今後もS&P500が世界最強の株価指数である保証はない
むろん、S&P500が全世界株式よりも成績がよかったのはあくまで過去の話。今後もS&P500が世界最強の株価指数であり続ける保証はありません。
新NISAは20年、30年どころか、100歳まで一生涯、非課税運用を続けるための投資制度です。超長期的な視点で見たら、今後、アメリカに代わって巨大な人口を抱えるインドや中国といった新興国が世界経済の頂点に立っているかもしれません。
S&P500ではなく、全世界株式を選んでおけば、どの国の株式市場の調子がよくても、その恩恵を受けられます。全世界にベット(賭け)しているのでハズれることがない、というのが全世界株式の強みです。
●カントリーリスクで悩まなくていい。
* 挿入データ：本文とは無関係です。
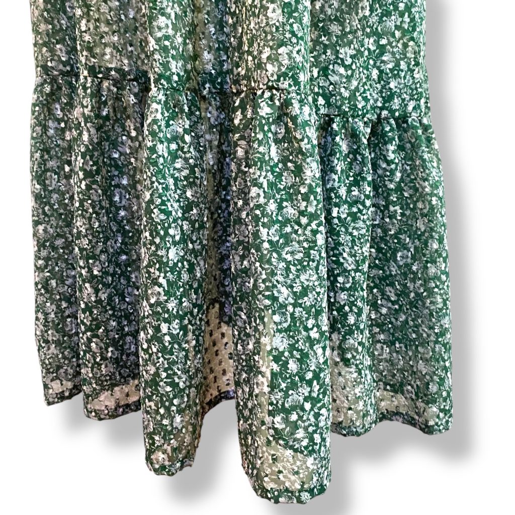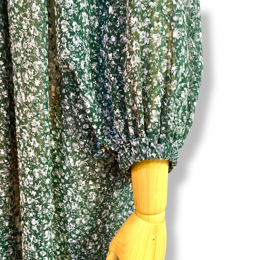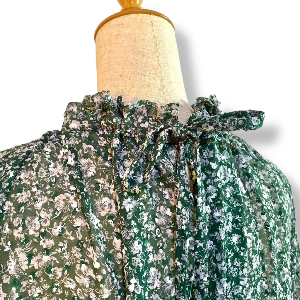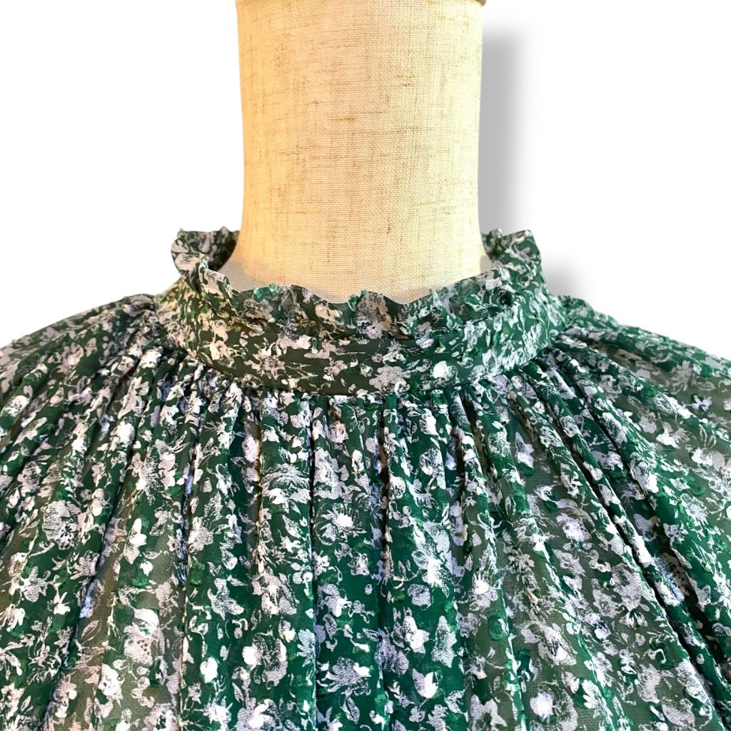 そして生地は、グリーンベースに、白の小さな小花プリント。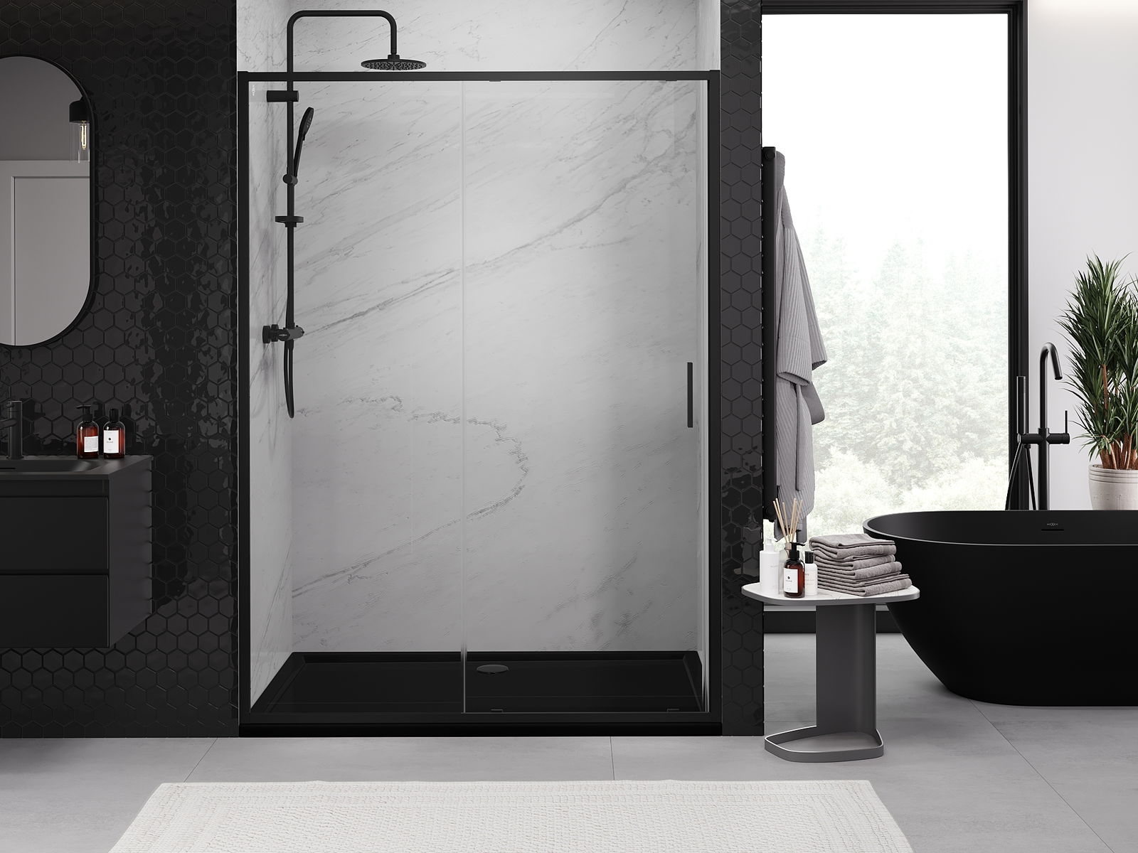 Posuvné dvere sa pohybujú po špeciálnych koľajniciach a nevyžadujú dodatočný priestor na otvorenie, preto sú ideálne pre menšie kúpeľne. Vďaka dvojitým kolieskam s kovovým telom je ich pohyb plynulý.

国ごとの好不調を考える必要がない
●資産を分散させることが安定運用につながることを説いた「現代ポートフォリオ理論(※)」に近い運用ができる
といった点が全世界株式を選ぶ理由になるでしょう。
※現代ポートフォリオ理論とは、運用資産(=ポートフォリオ)のリターンとリスクの最適解を探るために構築され、1990年にノーベル経済学賞を受賞したハリー・マーコウィッツ氏が提唱したもの。
オルカンでも資産の6割前後は米国株運用になる
とはいえ、全世界株式の株価指数「MSCIオール・カントリー・ワールド・インデックス(ACWI)」の2022年9月末時点の国・地域別の構成比率をみると、米国の比率が62%ですから、全世界株式のインデックスファンドに投資していても資産の約6割前後は米国株で運用していることになります。
組み入れ比率の上位企業もアップル、マイクロソフト、アマゾン・ドット・コムなどの「GAFAM」やエヌビディア、テスラなど米国の巨大IT企業がほぼ独占。
唯一、米国企業以外でトップ10入りしているのは、アップルのiPhoneを製造している世界一の半導体受託製造会社のTSMC(台湾積体電路製造)ぐらいです。